# Stored data entries
• • • • •

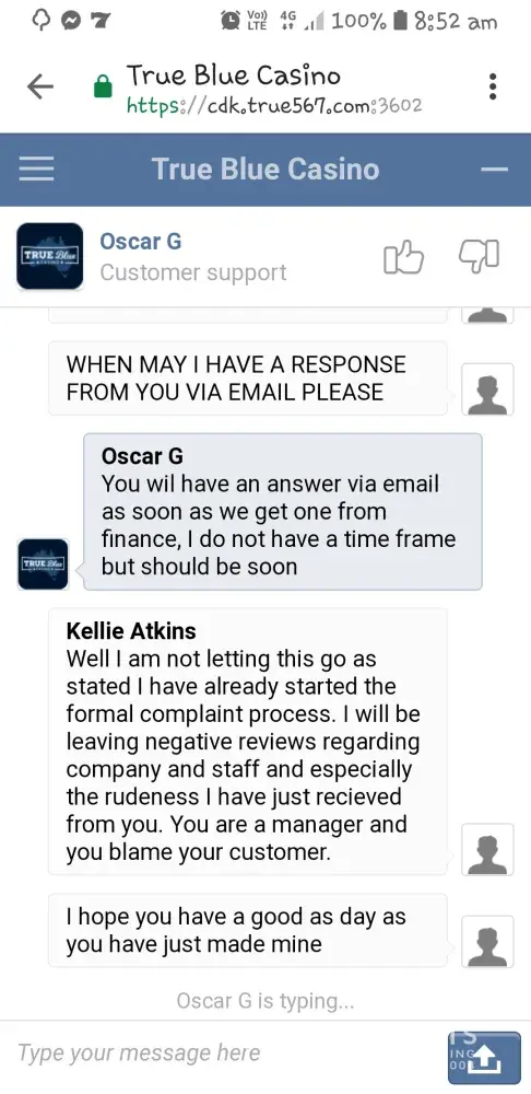 On the 20th I went to the customer service team to confirm all was well and to get that they did request hooyu to validate me as well as to query why one of my requests date and payment type had been changed . I have screenshot the whole conversation of which I was called a liar, spoken to extremely rudely disconnected from conversation passed onto the casino manager insulted by him and lied to by him.
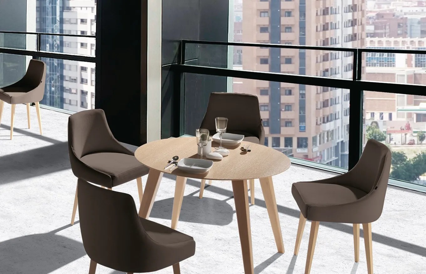 La mesa redonda Isaba de Almosa es una pieza de mobiliario que destaca por su elegante sencillez y su carácter cálido y natural. Está fabricada íntegramente en madera, con la opción de elegir entre madera de Mukali o Roble, dos materiales que aportan personalidad y durabilidad a la pieza. Su fabricación completamente en madera realza la nobleza del material.
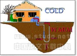 土--气型地源热泵技术以美国的技术为代表,水--水地源热泵技术以北欧的技术为代表。二者的差别是:前者从浅层土壤或地下水中取热或向其排热,通过分散布置于各个房间的地源热泵机组直接转换成热风或冷风为房间供暖或制冷。后者是从地下水中取热或向其排热,经过热泵机组转换成热水或冷水,然后再经过布置在各个房间的风机盘管转换成热风或冷风给房间供暖或制冷。由于美国的土--气型地源热泵技术,可以不用地下水,采用埋设垂直管、水平管或向地表水抛设管路等多种方式,直接从浅层土壤取效或向其排热,不受地下水开采的限制,推广的范围更大、更灵活。
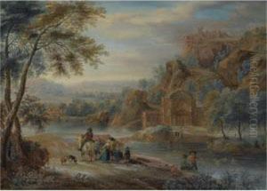 A Mountainous Landscape With Peasants Conversing By A Rocky Outcrop
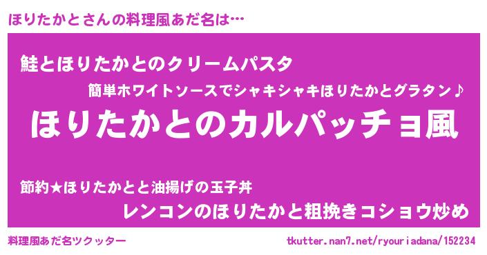 | 女子向けラノベタイトル風あだ名 | 『ほりたかとが死なない童話 林檎のほりたかとの診療簿』 |
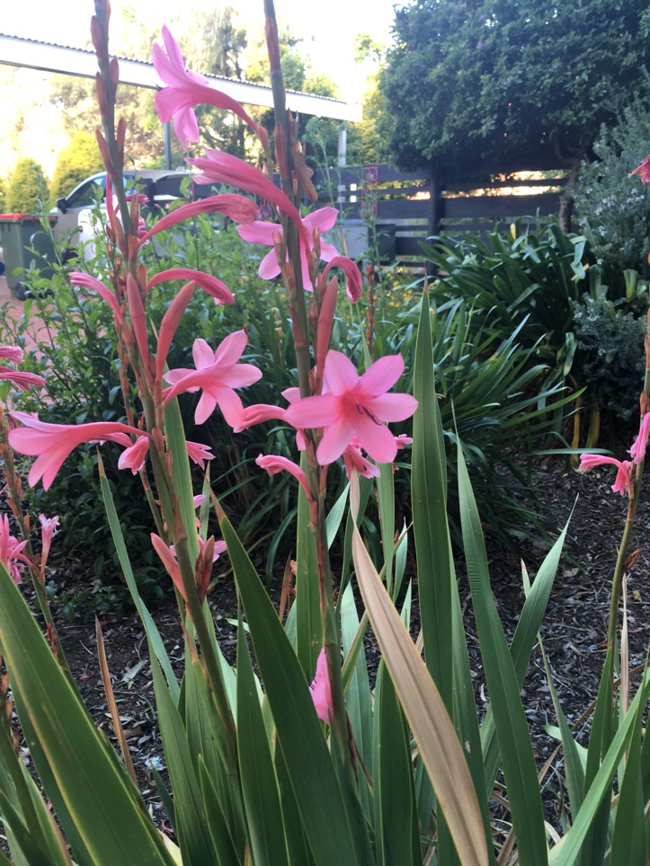 Watsonia consists of about 50 species of flowering plants that grow from corms. Depending on the species, they vary in height but most are characterized by long, narrow foliage and white, orange, yellow, pink or red flowers that grown on tall spikes. Feed with a slow release or organic fertilizer formulated for blooming bulb plants. Continue to care for them after blossoms are spent until the foliage yellows and dies back.
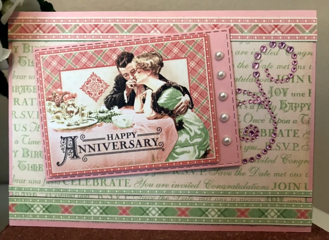 This is a 5″ by 7″ card. The pattern paper is Graphic 45 “Time to Celebrate” Collection pages “Congratulations” and “Special Occasion”.
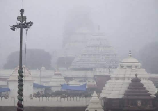 The coastal town of Puri experienced an unusual and striking weather phenomenon as dense fog completely enveloped the holy city. The iconic Shree Jagannath Temple was almost entirely obscured, with the temple spire and the sacred Neelachakra flag atop the Badadeula remaining invisible for a considerable period.

• • • • •

# Task description
Print the data exactly as written, dropping any images it holds.

# Response to this exercise
 On the 20th I went to the customer service team to confirm all was well and to get that they did request hooyu to validate me as well as to query why one of my requests date and payment type had been changed . I have screenshot the whole conversation of which I was called a liar, spoken to extremely rudely disconnected from conversation passed onto the casino manager insulted by him and lied to by him.
 La mesa redonda Isaba de Almosa es una pieza de mobiliario que destaca por su elegante sencillez y su carácter cálido y natural. Está fabricada íntegramente en madera, con la opción de elegir entre madera de Mukali o Roble, dos materiales que aportan personalidad y durabilidad a la pieza. Su fabricación completamente en madera realza la nobleza del material.
 土--气型地源热泵技术以美国的技术为代表,水--水地源热泵技术以北欧的技术为代表。二者的差别是:前者从浅层土壤或地下水中取热或向其排热,通过分散布置于各个房间的地源热泵机组直接转换成热风或冷风为房间供暖或制冷。后者是从地下水中取热或向其排热,经过热泵机组转换成热水或冷水,然后再经过布置在各个房间的风机盘管转换成热风或冷风给房间供暖或制冷。由于美国的土--气型地源热泵技术,可以不用地下水,采用埋设垂直管、水平管或向地表水抛设管路等多种方式,直接从浅层土壤取效或向其排热,不受地下水开采的限制,推广的范围更大、更灵活。
 A Mountainous Landscape With Peasants Conversing By A Rocky Outcrop
 | 女子向けラノベタイトル風あだ名 | 『ほりたかとが死なない童話 林檎のほりたかとの診療簿』 |
 Watsonia consists of about 50 species of flowering plants that grow from corms. Depending on the species, they vary in height but most are characterized by long, narrow foliage and white, orange, yellow, pink or red flowers that grown on tall spikes. Feed with a slow release or organic fertilizer formulated for blooming bulb plants. Continue to care for them after blossoms are spent until the foliage yellows and dies back.
 This is a 5″ by 7″ card. The pattern paper is Graphic 45 “Time to Celebrate” Collection pages “Congratulations” and “Special Occasion”.
 The coastal town of Puri experienced an unusual and striking weather phenomenon as dense fog completely enveloped the holy city. The iconic Shree Jagannath Temple was almost entirely obscured, with the temple spire and the sacred Neelachakra flag atop the Badadeula remaining invisible for a considerable period.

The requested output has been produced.